Pintu kamar tamu masih tertutup rapat. Samar terdengar orang berbincang, meski aku tidak tahu apa yang mereka bicarakan. Namun suara itu menegaskan mereka sudah terbangun dari mimpi indah. Meski belum keluar tempat persembunyian.

Tok! Tok! Tok!

Pintu aku ketuk perlahan seraya memanggil nama Mas Reno dan Mbak Risma. Sepi,tak ada jawaban dari merela. Tiba-tiba saja kamar itu seperti kosong, tak berpenghuni. Jelas tadi kudengar mereka berbicara, tapi kenapa kini justru bungkam? Fix, mereka masih mengibarkan bendera perang.

"Mbak, Mas, sarapannya sudah siap. Ditunggu Mas Reza untuk makan bersama."

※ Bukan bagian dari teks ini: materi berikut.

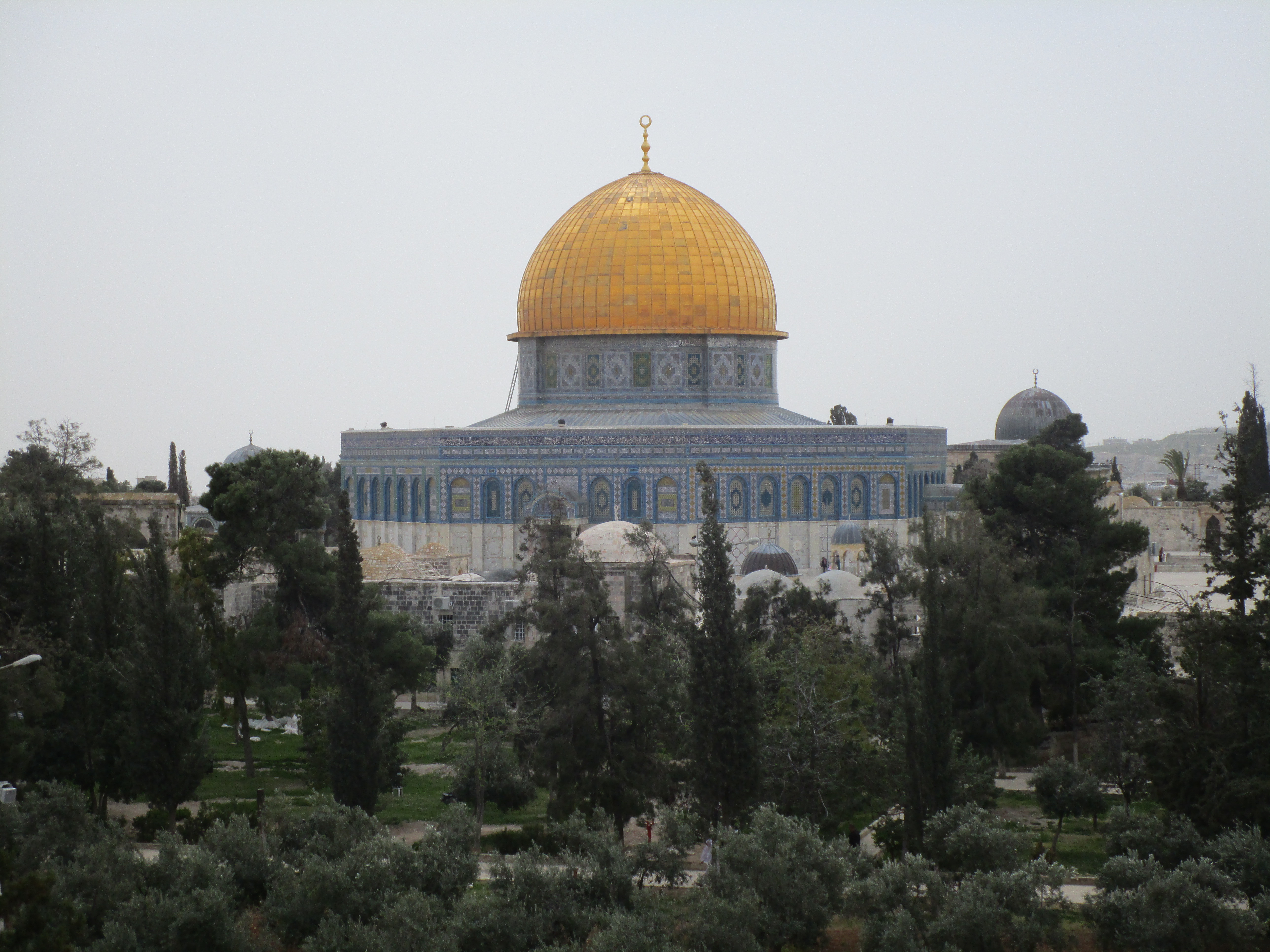 We split up for lunch, some of us going to have Tsvi’s favorite hummus, and others to a pizza stand in the Muslim quarter of the old city. Immediately after lunch, we headed down the Via Dolorosa, the way of grief. Around one corner, Tsvi found someone he knew, and then led us up a set of stairs and , five at a time (rather covertly, I thought) into the Islamic boy’s school Ormariyah, with windows overlooking the Temple Mount from what used to be the Antonia Fortress.
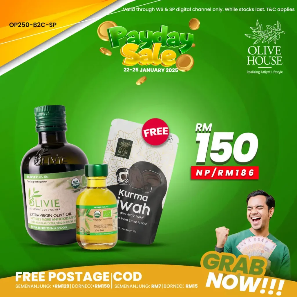 Antara Perbezaan Khasiat MINYAK ZAITUN OLIVIE PLUS 30X
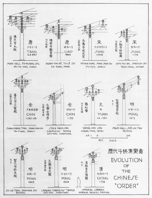 △梁思成先生绘制的中国历代斗拱演变
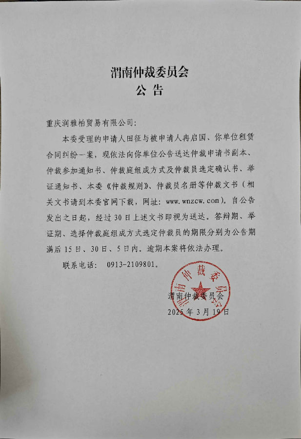 重慶潤雅柏貿易有限公司、冉啟國與田征租賃合同糾紛案公告
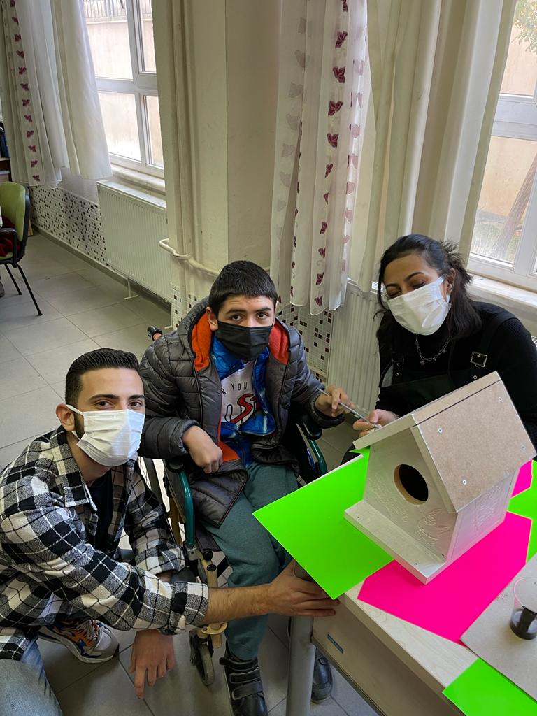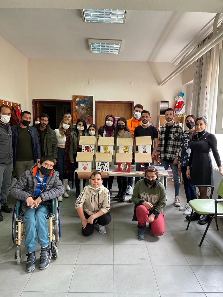 3 Aralık Dünya Engelliler Günü kapsamında Karacasu Memnune İnci Meslek Yüksekokulu ve İlçe Milli Eğitimi Müdürlüğü iş birliği ile Öğr. Gör. Servet AKAR'ın öncülüğünde üniversitemiz öğrencilerinin hazırlamış olduğu ahşap kuş yuvaları Karacasu Şehitleri Ortaokulu'nda özel eğitim sınıfında bulunan öğrencilerle birlikte boyanarak "Engelimiz Yok" düşüncesiyle birliktelik duygusunu paylaşmak amacıyla biraraya geldiler.

Tidak ada jawaban, mereka pura-pura tidur. Baiklah, kalian jual maka aku akan membelinya. Hanya saja bukan uang yang kalian dapatkan. Namun sebuah kesadaran jika perbuatan kalian itu salah di mataku, apalagi menurut agama.

"Kalau tidak mau makan, jangan salahkan aku jika lauk habis dan Mbak Risma harus masak sendiri."

Aku membalikkan badan, kembali kulangkahkan kaki menuju meja makan. Aku yakin tidak sampai lima menit mereka akan menyusulku.

"Mbak Risma sama Mas Reno mana, Li?"

Aku mengangkat bahu, lalu menjatuhkan bobot di kursi samping Mas Reza.

"Kita makan duluan saja kalau begitu."

Aku mengangguk. Segera aku pindahkan nasi ke piring Mas Reza dan piringku. Tidak lupa lauknya, karena tak enak jika makan hanya dengan nasi saja.

Derap langkah kaki menghentikan gerakan tangan kami. Sendok yang hampir masuk ke mulut kembali kuletakkan ke atas piring. Fokus mataku hanya satu, koper besar yang ada di tangan Mas Reno dan Mbak Risma. Apa mereka akan pergi dari rumah ini?

"Kami mau pulang ke Salatiga, Za. Percuma di sini, kami sama sekali tidak dihargai."

Tidak dihargai bagaimana, Tejo? Bukankah kalian yang tidak memiliki tata krama dan sopan santun? Semut saja tidak diam saat diinjak, apalagi aku! Jelas akan melawan dengan seluruh kekuatan yang tersisa.

"Baiklah kalau kalian mau pulang sekarang. Aku dan Lili tidak bisa memaksa kalian untuk tetap tinggal, kan? Lagi pula ini sudah menjadi keputusan Mas dan Mbak, kan?"

Aku melongo saat mendengar jawaban Mas Reza. Mas Reza tidak sedang mimpi, kan? Tumben ucapannya sepaham dengan isi kepalaku.

"Kamu gak cegah kami, Za?" tanya Mas Reno.

"Buat apa, Mas? Kalian sudah besar, kan? Pasti sudah memikirkan matang sebelum mengambil keputusan. Kalau aku larang nanti Mas pikir aku tidak menghargai keputusan Mas Reno lagi."

Mas Reno diam kemudian melirik Mbak Risma. Dari gestur tubuhnya dapat kulihat mereka kebingungan. Rencana untuk menggertak Mas Reza gagal total. Emang enak?

"Ma, Niko lapar?" ucap Niko seraya menarik ujung kaos yang Mbak Risma kenakan.

"Diam, Niko!"

Anak kecil itu diam, dia menunduk meski sesekali melirik makanan yang tersaji di atas meja. Niko kelaparan setalah bangun kesiangan.

"Sarapan dulu sebelum berangkat ke Salatiga, Mbak."

"Gak perlu, Li. Kami masih kenyang."

Krucuuk ... Krucuuk ....

"Apa mau dibungkus, Mbak?" tanyaku seraya menahan tawa.